• Directions for this task
Using the material below, print a verbatim copy of every line from the one containing "伝説のあだ名 | 『孤高の遊び人めいかげ』 |" through the one containing "為確保設備防寒工作得到有效落", inclusive, and omit the pictures.

• Data to examine
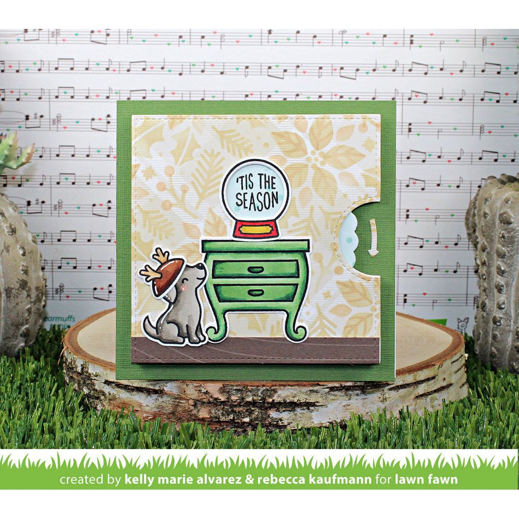 Bring winter cheer to your holiday greetings with this set of six clear stamps from Lawn Fawn. Perfectly designed to fit the Little Snow Globe: Dog and Little Snow Globe: Bear, these 2x3 inch stamps bring festive sentiment to your craft projects. Complete the scene with matching Reveal Wheel and Add-On sets.
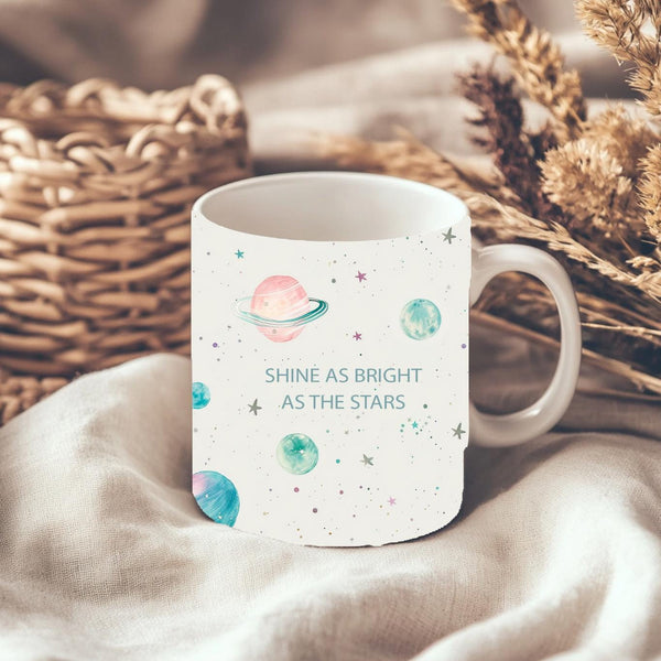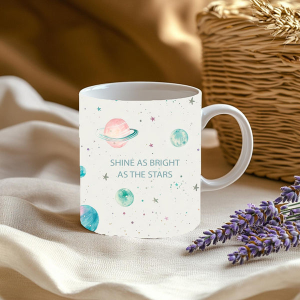 Embark on your adventures and illuminate your spirit with our "Shine As Bright As The Stars" Sagittarius Zodiac Coffee Mug! This enchanting mug features a whimsical design with pastel planets, twinkling stars, and delicate cosmic elements scattered across a soft, celestial background. On one side, it proudly displays the adventurous Sagittarius zodiac symbol and name, while the other side carries the inspiring message, "Shine As Bright As The Stars."
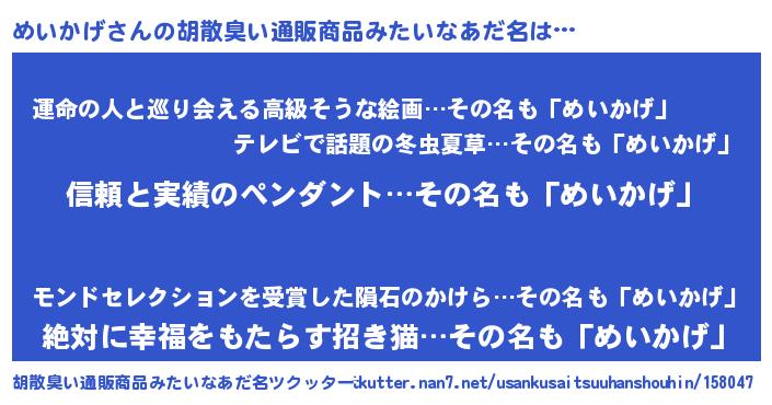 | 伝説のあだ名 | 『孤高の遊び人めいかげ』 |
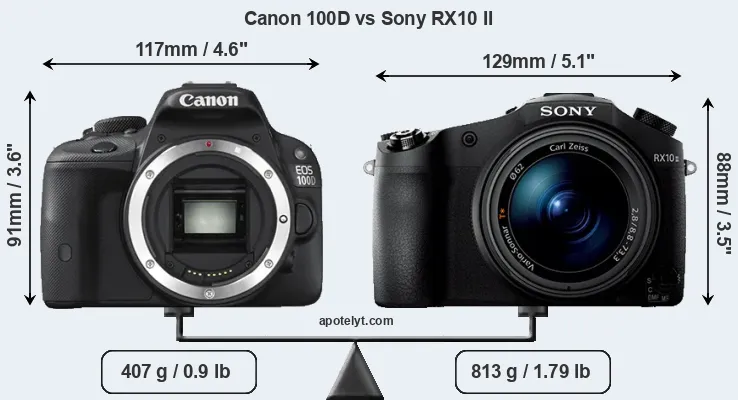 If the front view area (width x height) of the cameras is taken as an aggregate measure of their size, the Sony RX10 II is notably larger (7 percent) than the Canon 100D. It is noteworthy in this context that the RX10 II is splash and dust-proof, while the 100D does not feature any corresponding weather-sealing.
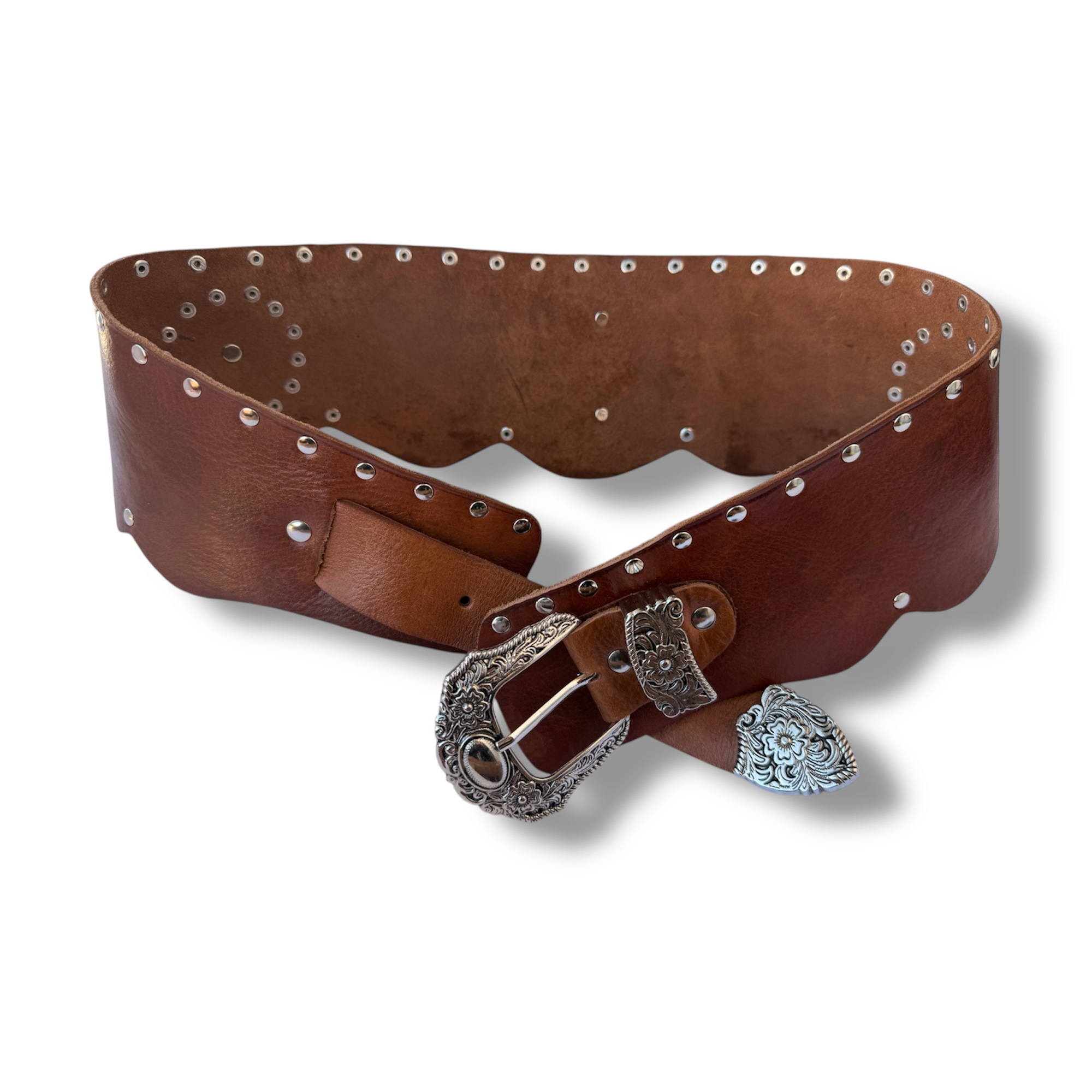 Fajín ancho, Cinturón de cuero con remaches estilo bohemio. Con decoración de remaches y chapa de alpaca con asta en forma de gota. Cada un de ellos están fabricado todo a mano.
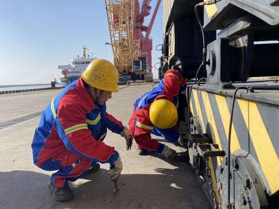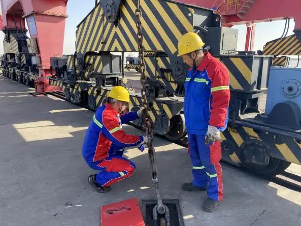 為確保設備防寒工作得到有效落實,射陽港區堅持問題導向,明確責任分工,加大檢查監督力度,開展安全警示教育及作業標準方面的專題培訓,引導干部職工深入識別和分析各類安全風險,堅持“邊檢查、邊整改、邊提升”的原則,重點關注門機、場地機械等關鍵設備,加強數據監測、設備基礎檢查力度,準確掌握設備變化情況,打好設備防寒“組合拳”。
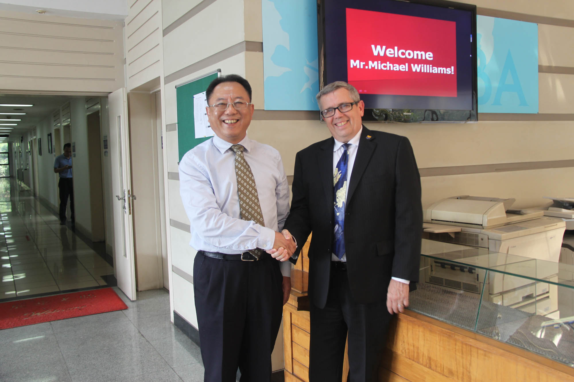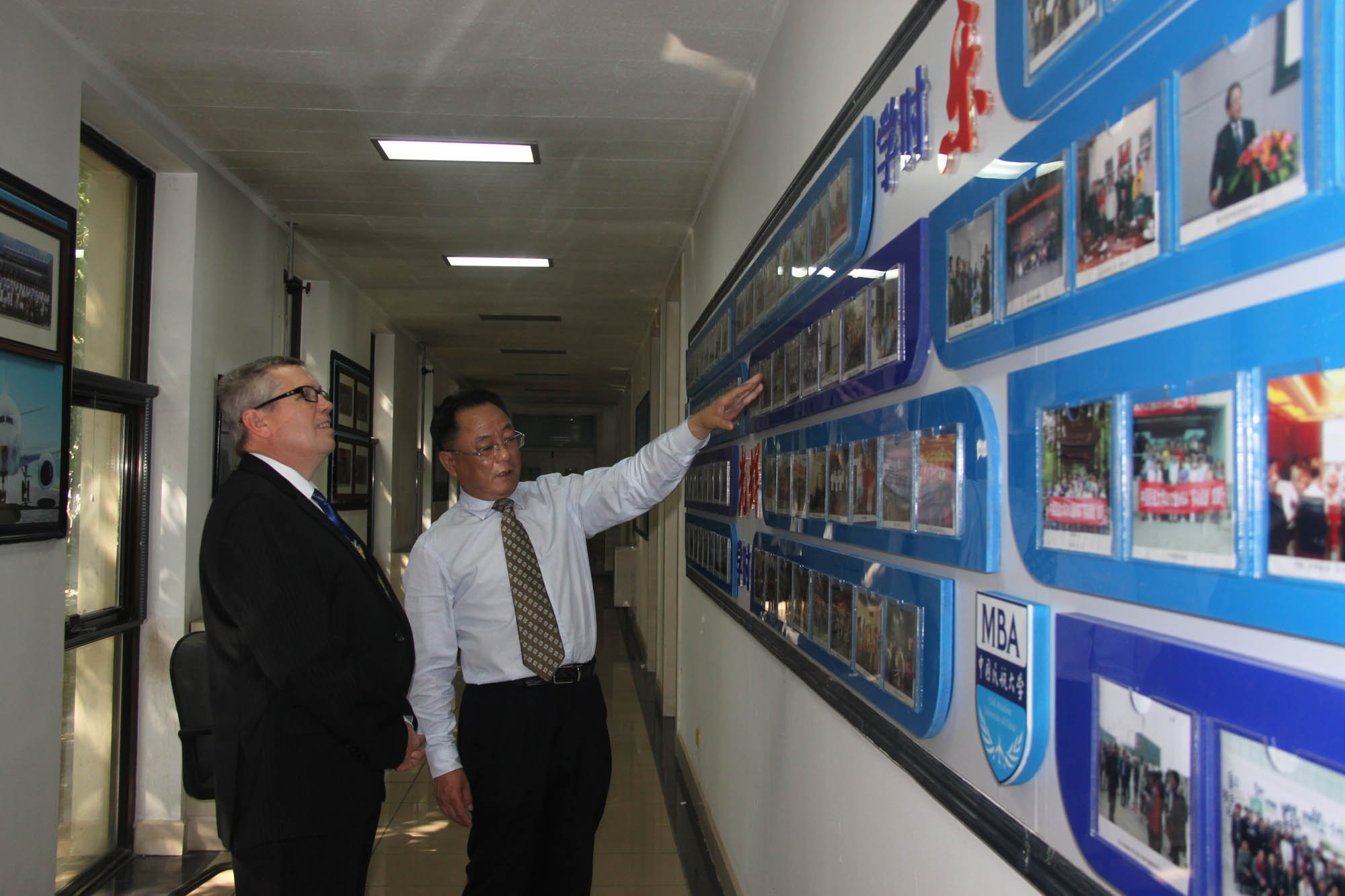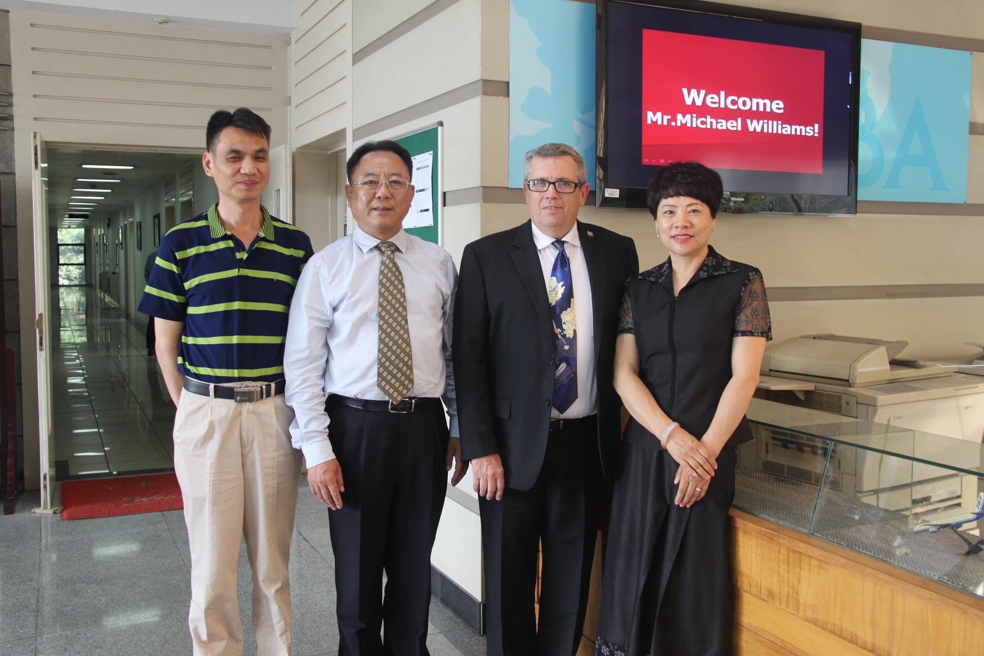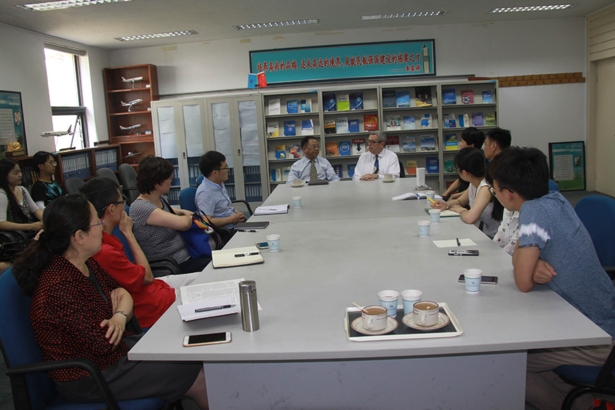 5月18日下午,Embry-Riddle大学商学院院长Michael Williams访问了中航大经济与管理学院,陈玉宝院长在经管学院MBA中心会议室接见了Williams先生,经管学院相关师生代表参加了会谈。 陈玉宝院长首先致欢迎词并向Williams先生简要介绍了我院的概况,希望在3+1+1合作项目已取得丰硕成果的基础上进一步扩大双方的合作领域特别是访问学者的互换,Williams先生表示完全赞同。 张青松副院长就专业国际认证事宜与Williams先生进行了探讨,Williams先生进行了详细介绍并表示愿将取证经验分享给我院;郑兴无和赵桂红主任就航空金融与航空运输管理专业建设及邀请对方师资来我院讲学等与Williams先生进行了交流并得到了对方的积极回应,Williams先生表示他们学院确有不少学者愿意来中国讲学。 李春玲和许红军主任就MBA项目合作尤其是案例库建设与共享等与Williams先生进行了交流;教务科科长罗茂华就3+1+1项目运作中的细节问题与Williams先生深入交换了意见。此外,有意向加入3+1+1项目的约10名我院学子也得到了Williams先生面对面的耐心指导。 会谈结束后,Williams先生参观了MBA教育中心及经管学院南四办公和教学设施。

• Answer
 | 伝説のあだ名 | 『孤高の遊び人めいかげ』 |
 If the front view area (width x height) of the cameras is taken as an aggregate measure of their size, the Sony RX10 II is notably larger (7 percent) than the Canon 100D. It is noteworthy in this context that the RX10 II is splash and dust-proof, while the 100D does not feature any corresponding weather-sealing.
 Fajín ancho, Cinturón de cuero con remaches estilo bohemio. Con decoración de remaches y chapa de alpaca con asta en forma de gota. Cada un de ellos están fabricado todo a mano.
 為確保設備防寒工作得到有效落實,射陽港區堅持問題導向,明確責任分工,加大檢查監督力度,開展安全警示教育及作業標準方面的專題培訓,引導干部職工深入識別和分析各類安全風險,堅持“邊檢查、邊整改、邊提升”的原則,重點關注門機、場地機械等關鍵設備,加強數據監測、設備基礎檢查力度,準確掌握設備變化情況,打好設備防寒“組合拳”。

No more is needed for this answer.